Politique et Syndicalisme

Les retards de paiement des aides PAC cristallisent la colère des syndicats

Les syndicats perdent patience face aux retards de paiement des aides Pac. Et le calendrier qui leur a été envoyé par le ministère de l’Agriculture à la mi-mai, n’a rien apaisé.

Alors que les aides Pac 2015 n’ont toujours pas été soldées, celles de 2016 semblent déjà poser problème. Face aux difficultés et la colère qui gronde chez les agriculteurs, François Hollande s’emparait du sujet et annonçait, le 9 mai à l’occasion de l’inauguration de la Halle Bio à Rungis, les échéances de versement. Les aides Pac 2015 seront soldées « avant la fin de cet été », affirmait-il. Quant à la campagne Pac 2016, « une avance de trésorerie correspondant à 90 % des montants attendus par les agriculteurs, soit 6 milliards d’euros, sera liquidé sur les fonds nationaux avant le 15 octobre ». Un effort souligné par les services du ministère de l’Agriculture, qui rappellent que le calendrier « habituel » prévoit une avance de 50 % seulement.
Si l’on se penche sur le document diffusé par le ministère de l’Agriculture, il apparaît que l’été 2016 se terminera bien tard…

« La fin de cet été » prévue en décembre ?

Si la plupart des aides 2015 sont effectivement soldées le 10 septembre (aides découplées « pour le cas général » et ICHN), certaines le seront plus tardivement : aides découplées pour les dossiers « complexes » au 15 octobre, aides couplées végétales simples et veau sous la mère « d’ici fin septembre », autres aides couplées végétales « au plus tard fin octobre », assurance récolte « fin octobre », aides bio et MAEC « entre octobre et décembre ».

La FNSEA dénonce une « Pacophonie » et accuse l’administration française de « faute au regard de la situation d’extrême désespoir qui touche déjà de nombreux paysans ». La Confédération paysanne et la Coordination rurale rappellent de leur côté que les agriculteurs en redressement judiciaire sont toujours exclus des avances de trésoreries.
Pour les aides Pac 2016, « on se rapproche peu à peu d’un calendrier normal », estime-t-on au ministère de l’Agriculture.

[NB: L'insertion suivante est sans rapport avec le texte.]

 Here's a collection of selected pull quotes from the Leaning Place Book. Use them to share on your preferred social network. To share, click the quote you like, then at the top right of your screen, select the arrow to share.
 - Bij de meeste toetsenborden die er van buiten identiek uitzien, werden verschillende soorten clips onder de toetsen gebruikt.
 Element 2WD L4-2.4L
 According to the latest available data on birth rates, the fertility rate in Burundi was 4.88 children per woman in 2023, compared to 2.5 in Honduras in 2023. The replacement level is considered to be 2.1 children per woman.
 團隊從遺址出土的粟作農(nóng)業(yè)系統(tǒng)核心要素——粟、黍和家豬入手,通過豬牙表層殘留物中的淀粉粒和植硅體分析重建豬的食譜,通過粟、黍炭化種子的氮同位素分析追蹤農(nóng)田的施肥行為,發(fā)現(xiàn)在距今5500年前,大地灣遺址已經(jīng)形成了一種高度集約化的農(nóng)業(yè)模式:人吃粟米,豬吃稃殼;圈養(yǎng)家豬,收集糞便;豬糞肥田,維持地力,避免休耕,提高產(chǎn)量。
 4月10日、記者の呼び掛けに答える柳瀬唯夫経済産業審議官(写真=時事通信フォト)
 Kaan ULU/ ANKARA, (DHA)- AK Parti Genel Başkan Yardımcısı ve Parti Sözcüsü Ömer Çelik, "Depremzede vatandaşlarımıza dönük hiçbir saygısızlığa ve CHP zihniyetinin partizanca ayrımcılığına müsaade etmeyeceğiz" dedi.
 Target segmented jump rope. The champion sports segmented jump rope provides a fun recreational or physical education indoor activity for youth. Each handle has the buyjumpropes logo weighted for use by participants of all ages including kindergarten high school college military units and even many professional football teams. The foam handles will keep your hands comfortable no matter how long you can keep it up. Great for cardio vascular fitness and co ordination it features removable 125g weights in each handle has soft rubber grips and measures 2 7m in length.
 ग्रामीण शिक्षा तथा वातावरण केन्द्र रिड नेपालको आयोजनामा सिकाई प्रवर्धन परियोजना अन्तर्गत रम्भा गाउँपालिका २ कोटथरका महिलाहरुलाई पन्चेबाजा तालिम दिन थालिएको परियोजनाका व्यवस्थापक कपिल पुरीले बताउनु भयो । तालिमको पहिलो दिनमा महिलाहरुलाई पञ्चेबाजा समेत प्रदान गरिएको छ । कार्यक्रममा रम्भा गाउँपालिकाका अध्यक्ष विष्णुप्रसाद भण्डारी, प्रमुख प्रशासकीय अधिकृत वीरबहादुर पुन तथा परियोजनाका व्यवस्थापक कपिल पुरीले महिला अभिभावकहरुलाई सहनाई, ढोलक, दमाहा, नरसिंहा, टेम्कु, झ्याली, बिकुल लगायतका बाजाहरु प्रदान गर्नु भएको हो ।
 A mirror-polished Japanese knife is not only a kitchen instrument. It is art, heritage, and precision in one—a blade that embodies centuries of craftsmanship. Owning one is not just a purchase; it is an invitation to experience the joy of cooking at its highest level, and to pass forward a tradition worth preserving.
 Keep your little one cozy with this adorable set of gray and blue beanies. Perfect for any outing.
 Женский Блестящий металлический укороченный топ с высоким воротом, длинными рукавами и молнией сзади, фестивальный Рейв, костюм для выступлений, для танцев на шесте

Les syndicats ne semblent pas satisfaits pour autant. Alors que les déclarations 2016 sont ouvertes depuis le 1er avril, les agriculteurs sont encore dans le flou. « Télépac n’est pas complètement mis à jour », regrette la Confédération paysanne qui déplore en outre « le travail administratif […] sous-traité à l’étranger ». Elle s’alarme également quant aux aides bio et MAEC, estimant que « les enveloppes du second pilier » sont « déjà épuisées alors qu’elles devaient servir jusqu’en 2020 ».

Pour un « calendrier ferme et définitif »

La FNSEA estime, quant à elle, que « l’Europe est un bouc émissaire facile ». Lassée des paiements « sans cesse reportés », elle exige désormais « un calendrier ferme et définitif qu’il appartient au ministre de l’Agriculture de faire respecter coûte que coûte ». La Coordination rurale menace de son côté de « saisir le défenseur des droits, afin de faire valoir ceux des agriculteurs envers qui l’État est devenu mauvais payeur ».
La pression est sur les épaules de Stéphane Le Foll. François Hollande lui a d’ailleurs demandé « d’être très attentif à ce que ce calendrier soit respecté ».